Demand for health and wellness products – including dietary supplements, sports nutrition and herbal medicines – have seen strong growth over the last decade with the global industry expected to reach a value of US$1tr by 2017. Unlike prescription drugs, wellness products are considered natural remedies to promote wellbeing and are sold over the counter.
In South Africa a similar trend has been seen as consumers become increasingly health conscious, according to Dr Karsten Wellner, CEO of the Johannesburg Stock Exchange-listed Ascendis Health. The company owns a portfolio of natural remedies and wellness related brands.
“How big the market is depends on what you include. But in South Africa what they call the complementary and alternative medicines (CAMs) market is assumed to be between R10bn and R13bn ($700m and $915m), and this includes sports nutrition,” he told How we made it in Africa.
However, recent regulatory changes put forward by the Department of Health propose stricter procedures for registering these over-the-counter ‘complementary medicines’ – similar to those required for prescription pharmaceutical drugs. While the move is meant to protect consumers from untested medicines which make false-claims, Wellner notes the costs involved limit the industry’s growth potential.

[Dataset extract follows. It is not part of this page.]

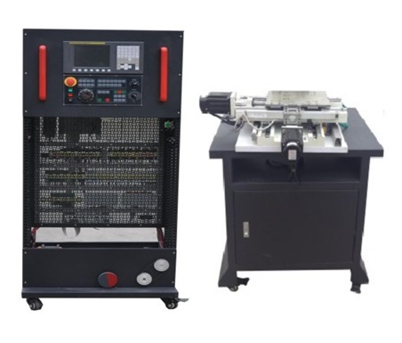 数控机床功能部件单元选择的是具有代表性的两轴精密十字滑台,该部件采用同真实机床完全相同的机械结构,主要是为解决数控机床机械拆装项目的实训难而特别设计的,在传统的数控机床机械拆装实训中,一般采用真实机床来进行机械拆装训练,其教学成本高、损耗大,机床部件重导致拆装难度大、精度恢复不易等实际难题,很难开展全员的拆装与精度检测实训,该十字滑台是提炼了真实机床在拆装过程中的核心技能,即学生主要是拆装传动部件,例如滚珠丝杆、直线导轨、联轴器、伺服电机等,该设备是把这些部件集成到一台十字滑台上进行练习,这样既节约了成本,又训练了核心技能,为了保证精度与刚性,十字滑台模块整体为铝件一次性装夹加工成型,表面经氧化并喷沙工艺处理,工作台采用钢件表面磨削而成,确保长期使用的精度,导轨采用直线导轨,直线导轨安装采用与真实机床安装相同的压块结构进行固定;结构上采用模块化,下装有滑轮,可以自由移动,可以完成机械传动部件中的丝杆、直线导轨、丝杆支架的拆装实训及导轨平行度、直线度、双轴垂直度等精密检测技术的实训,完成机电联调与数控机床机械装配核心技能的训练,完成螺距补偿、反向间隙补偿等实训项目。

“If you register pharmaceutical drugs you need a toxicology, efficiency studies, and clinical data and that is very expensive.
“An extreme example is if you squeeze 20 oranges to drink as a juice, you take in a higher dosage of vitamin C compared to what is recommended as a daily dosage. Theoretically, if you had to put that vitamin C in a pill instead of drinking it, you would need a pharmaceutical dossier to do so,” he explains.
“Due to these regulations starting to be implemented, the market in South Africa hasn’t had as strong growth like markets in Europe or in other developing markets.”
Capturing growth in sports nutrition
Sports nutrition products have also been growing strongly globally. “And in many markets its growing by double digits,” adds Wellner.
In addition to its own South African sports nutrition brand Evox, Ascendis Health recently acquired a major European player, Scitec International, for R2.9bn (about $203m). The deal is part of the company’s strategy to increase revenues from foreign markets due to a weakening rand, but also gives it a strong foothold in the global sports nutrition market. According to Wellner, Scitec is one of the top three sports nutrition companies in Europe.
“And we see a lot of potential coming from this acquisition for our export market into developing markets like the Middle East and Africa.”
Ascendis already exports various products to other African countries, mainly South Africa’s neighbours. However, the rest of continent only accounts for a small percentage of its business.
“I think in some African markets sports nutrition is not a big story yet because when you look at a Maslow’s [hierarchy of needs] pyramid – they simply are not there yet. They have more basic consumer needs than sports nutrition. The higher developed a market is, the more sports nutrition is used.”
However, he adds a growing number of gyms in some countries could be indicative of a expanding market.
“Wherever there are gyms people focus on their bodies and health… So overall we see nice trends in Africa for sports nutrition – but growing from a lower base.”